Recently I started using Bitbucket for private repository hosting for a project I’m working on. While I had no experience with Mercurial, I figured it can’t be that tricky – and Bitbucket offers free private hosting which is what this project needed (couldn’t go public, couldn’t pay, didn’t have the time to set up self-hosted SCM hosting).

All in all I like Bitbucket (although I have to admit on most aspects they seem to fall behind GitHub), but not so much using Mercurial – for all sorts of reasons it felt quirky and less polished than Git, which honestly I have much more experience with.

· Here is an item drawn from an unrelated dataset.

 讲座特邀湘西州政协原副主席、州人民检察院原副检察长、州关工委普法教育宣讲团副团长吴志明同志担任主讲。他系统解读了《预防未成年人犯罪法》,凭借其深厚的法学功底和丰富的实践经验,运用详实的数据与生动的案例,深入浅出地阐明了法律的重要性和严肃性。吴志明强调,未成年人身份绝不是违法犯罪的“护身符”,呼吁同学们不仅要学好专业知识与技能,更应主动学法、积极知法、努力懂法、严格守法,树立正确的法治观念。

So following Bitbucket’s big announcement on Git support, I’ve decided to migrate my repositories from Hg to Git, while keeping them on Bitbucket and maintaining repository history. I’m happy to say it was relatively a piece of cake to successfully achieve. Here is what I did:

Step 1: Set up your repositories

First, I renamed my old Hg repository through Mercurial’s web interface, to something like “MyProject” to “MyProject Hg”. This changes the repository URL, but since I wasn’t planning on using it anymore that doesn’t really matters – plus you can always rename back if things go bad.

Then, I created a new Git repository with the name of the previous repository, e.g. “MyProject”. Again, that can be easily done from Bitbucket’s Web interface.

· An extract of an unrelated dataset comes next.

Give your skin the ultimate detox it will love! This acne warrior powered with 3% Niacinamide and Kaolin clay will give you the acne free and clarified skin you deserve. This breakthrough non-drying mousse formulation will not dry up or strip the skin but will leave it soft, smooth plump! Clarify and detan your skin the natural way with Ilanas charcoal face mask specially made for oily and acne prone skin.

Step 2: Install the Mercurial hggit plugin

The hggit plugin allows your Mercurial command line tool hg to talk to git repositories – that is push and pull from Git. Installing it is easy, as it is probably available from your package manager. On Mac, if you use Macports, you can run:

  $ sudo port install py26-hggit

While on Ubuntu, run:

  $ sudo aptitude install mercurial-git

Then, make sure to load the plugin by adding the following lines to your ~/.hgrc file:

  [extensions]
  hggit=

Congratulations: Your hg command now speaks Git!

Step 3: Push your code into your Git repository

To push your code into your new Git repository, you basically need to run two commands:

First, create a Mercurial bookmark that references master to your default branch. This will help Git create the right refs later on:

  $ cd ~/myproject-hg-repo/
  $ hg bookmark -r default master

Next, simply push your code into the newly created Git repository:

  $ hg push git+ssh://git@bitbucket.org:shaharevron/myproject.git

Of course, make sure to change the repository URL to the URL of your new Git repository. To make sure hg understands you’re referring to a Git repository, if using SSH add the git+ssh:// prefix to the URL. This should push your entire repository to the new Git repository, and within a few seconds up to a few minutes (depending on how big your repository is), you should be able to see all your old commits in the new Git repo.

Step 4: Switch your local repository to use Git

Now that your new Git repo is up at Bitbucket, you’ll need to switch to using Git locally. There are two paths you can take here: the safe one, is to simply git clone your code to a new working directory and work from there. It’s safe, and will work well. However, if you’re a cowboy like me, and are too lazy to create a new IDE project on a different directory, you can in fact simply switch to working with Git on the same directory (but I still seriously recommend you ensure Bitbucket really does have your code as backup…).

Here is how to do it. From the local repository directory, run:

  $ git init
  $ git remote add origin git@bitbucket.org:shaharevron/myproject.git
  $ git pull origin master
  $ git reset --hard HEAD

Again, replace the repository URL with your own. This will “merge” everything in your Git repo into the local working directory. You will need to create a new .gitignore file if needed – and can now simply delete the .hg directory, as it is no longer needed. You can now happily use Git with your Bitbucket code.

While there shouldn’t be any problems, I also recommend keeping your old Hg repository around on Bitbucket for a few days, just to make sure nothing blows up – and delete it from Bitbucket’s web interface once you’re sure everything works well.